Bakers Journal

WHO report says ultra-processed foods lead to significant number of deaths in Europe

June 12, 2024
By Bakers Journal

Geneva – A new report by the World Health Organization links processed foods, alcohol, tobacco and fossil fuel on non-communicable diseases in the WHO European Region.

“Commercial Determinants of Noncommunicable Diseases in the WHO European Region” indicates nearly 7,500 deaths per day in the region are attributed to commercial determinants, such as tobacco, alcohol, processed food, fossil fuels and occupational practices. These commercial products and practices contribute to 25 per cent of all deaths in the region.

The estimated annual number of deaths attributed to processed foods and commercial practices in the WHO European Region in 2021 is as follows:

  • diet high in processed meat – 117,290 (1.06 per cent)
  • diet high in sodium – 252,187 (2.27 per cent)
  • diet high in sugar-sweetened beverages – 15,606 (0.14 per cent)
  • diet high in trans fatty acids – 6 056 (0.05 per cent)

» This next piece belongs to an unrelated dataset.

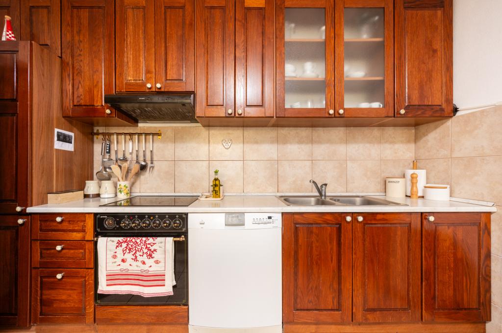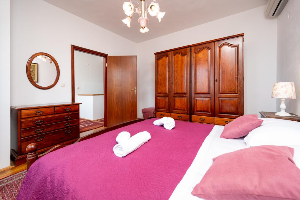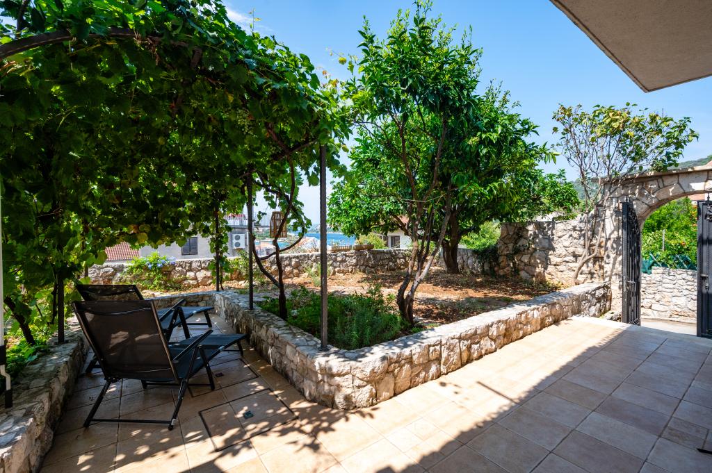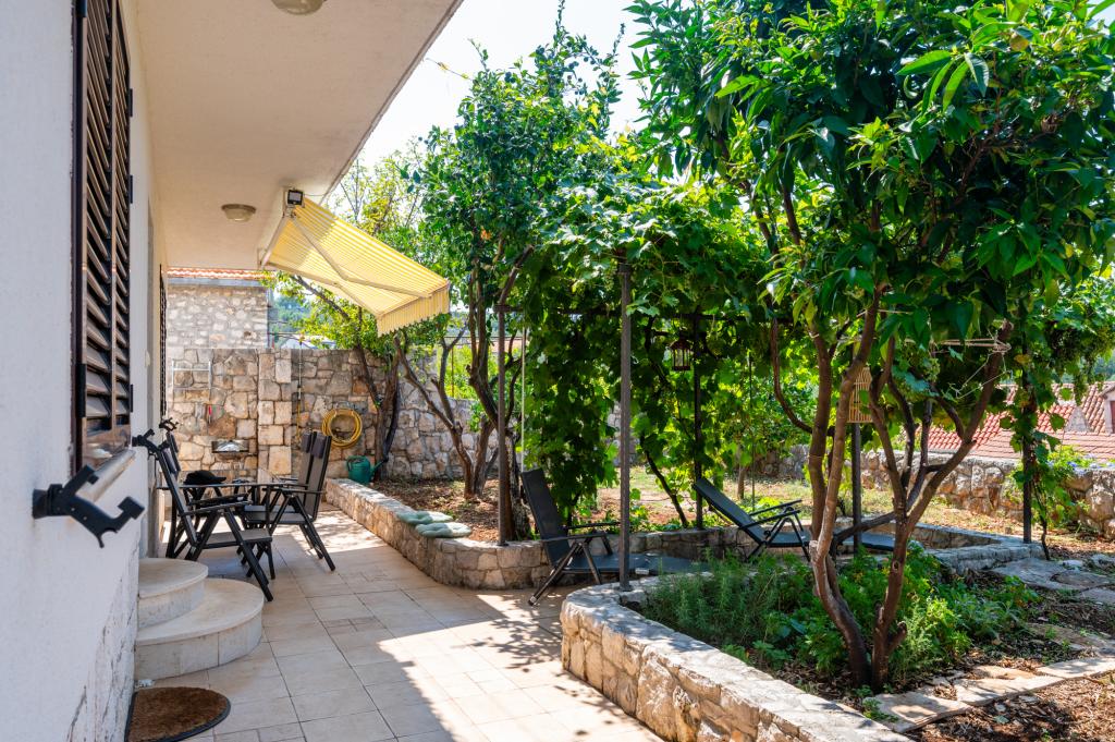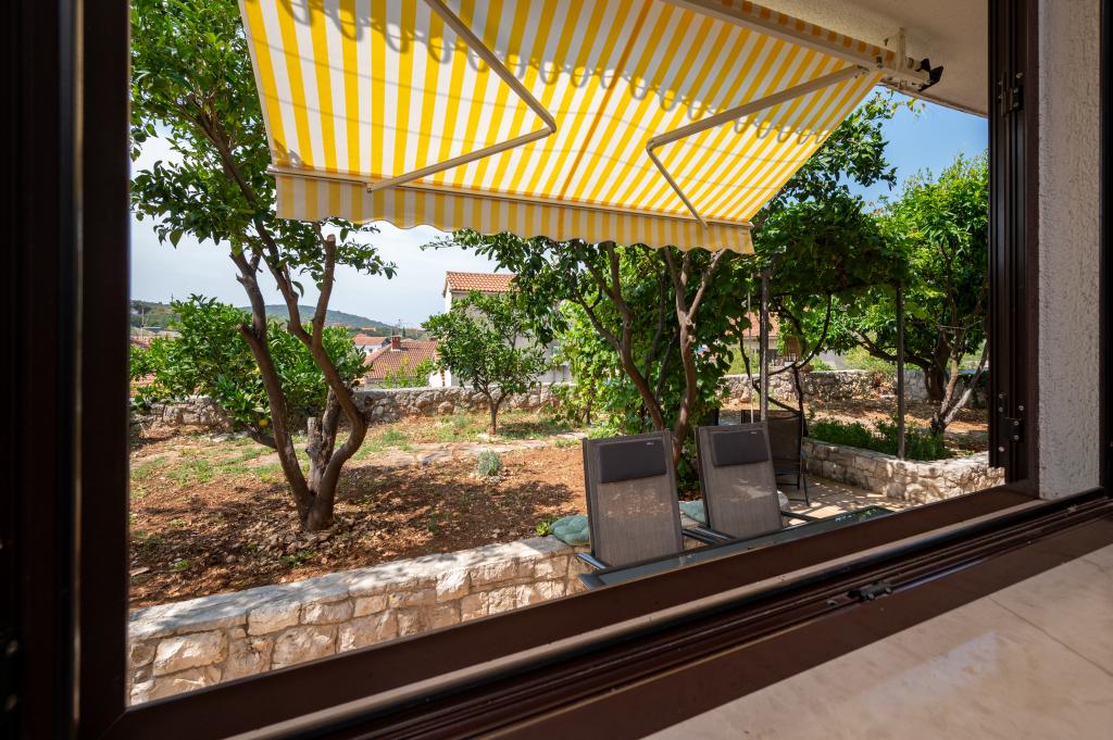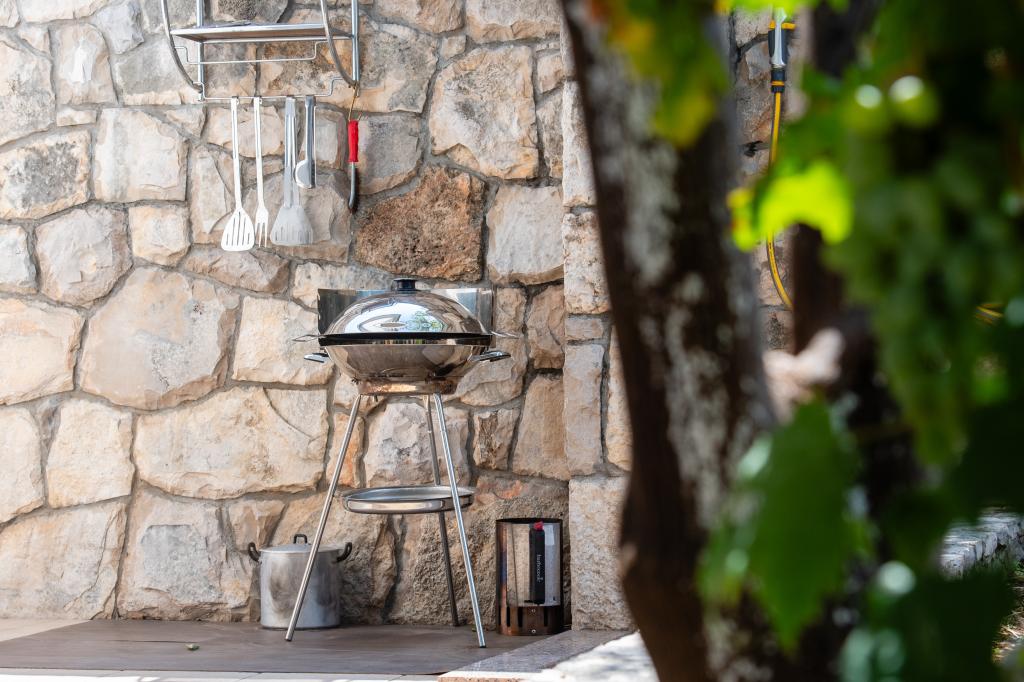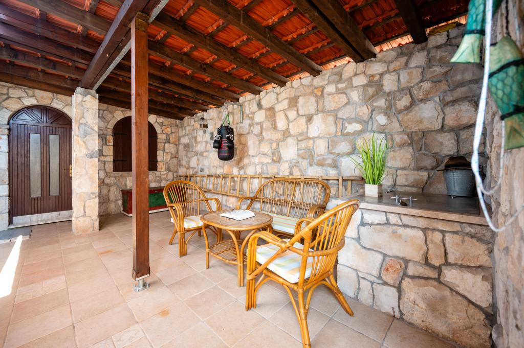 Dom wakacyjny Ines położony jest w sercu malowniczego miasteczka Drvenik Veliki – spokojnej wyspy w pobliżu Trogiru i lotniska w Splicie, z którymi łączy go regularna linia promowa. Ten urokliwy dom oferuje pełen spokój i prywatność dzięki wysokim murom, które go otaczają, a z ogrodu roztacza się piękny widok na zatokę. To idealne miejsce dla każdego, kto szuka ucieczki od codzienności i pragnie cieszyć się ciszą, słońcem i morską bryzą. Przestronny ogród sprzyja relaksu i odprężeniu – idealne miejsce na poranną kawę, popołudniowe opalanie lub wieczorne spotkania towarzyskie pod gwiazdami. Najbliższa, betonowa plaża znajduje się tuż obok domu, a naturalne piękno, takie jak słynna „Błękitna Laguna”, można odkrywać po wytyczonych drogach, idealnych do jazdy rowerem lub samochodem. Wyspa Drvenik Veliki emanuje autentyczną śródziemnomorską atmosferą, czystym powietrzem i dziewiczą przyrodą, bez tłumów i stresu – idealne miejsce na regenerację sił.

The report’s chapters systematically explore various facets of how commercial interests exacerbate non-communicable diseases and key strategies used by commercial actors to negatively influence NCD-related policies at the national and international level. It also provides selected case studies to illustrate key strategies and outcomes of industry influence on health policies.

This report aims to address this through supporting and mobilizing the policy stakeholders to identify, prevent and mitigate commercial industry influence on NCD-related policies.

It calls for urgent and co-ordinated action to address the commercial determinants of non-communicable diseases. It advocates for building coalitions based on the values of equity, sustainability and resilience. Public health actors are urged to develop competencies in economic and legal frameworks, enforce transparency and manage conflicts of interest effectively.

The WHO underscores the need for robust financial reforms and strict regulation to curb industry power and protect public health and says that, by implementing these strategies, Europe can accelerate progress towards global non-communicable diseases targets and Sustainable Development Goals by 2030.